10:58 p.m. As the judges deliberate, Gail says she was so disturbed to see Gregory shaving hundreds of dollars of truffles into a hot stew that was sputtering that it “just crushed my soul.” Cristiano puts it more bluntly, “The truffle was nonexistent.” Gail also thought Kevin’s dish was disjointed. But they all liked Stephanie’s pasta even though they all hated her radicchio.
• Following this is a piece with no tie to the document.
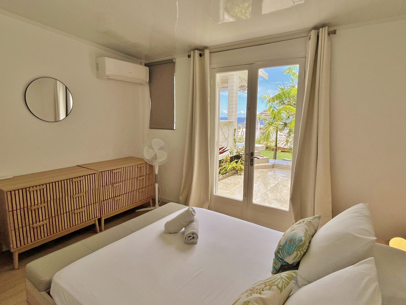 ✔️ Bedroom 1: double bed, air conditioning, balcony with ocean view and direct pool access + ensuite bathroom (shower + single basin)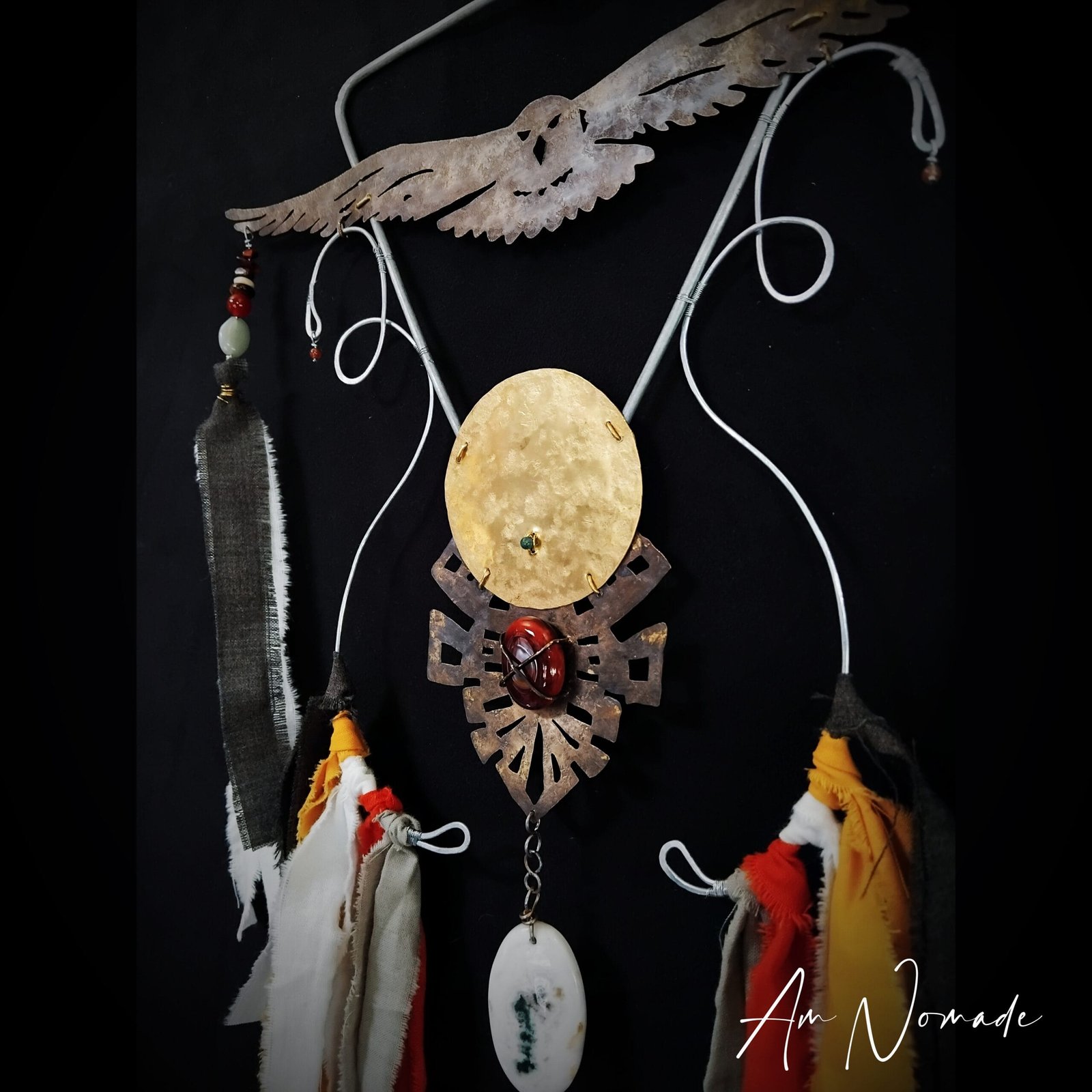 J’ai canalisé cette création lors d’une méditation de pleine conscience lors de laquelle j’ai vu cette aigle, face à moi, portant toutes ces couleurs dans un ciel haut et éthéré.

10:59 p.m. And the chef packing his knives and going is … Gregory. He says, “I didn’t come here to go home. I really, really wanted to win. But one of the life lessons I’ve learned is that you can’t always will things into happening. You don’t always get the things you work for. And, you know, it sucks. I know I gave ‘Top Chef’ 110 percent. I walk away with a few regrets about the decisions that I made, but I did everything I physically and mentally could to prepare and execute this time around. I’ve done so much and it’s a great jumping stone for my next chapter.”
Next on ‘Top Chef’: Padma tells the final four, “We are sending you on one last journey — Parma.” As in Parmesan cheese. We observe Bryan struggling as he tries to slice big round block of the stuff. He resorts to dad humor: “This takes cutting the cheese to a whole new level.” They also have to make and serve classic dishes to 16 Michelin star chefs — no pressure.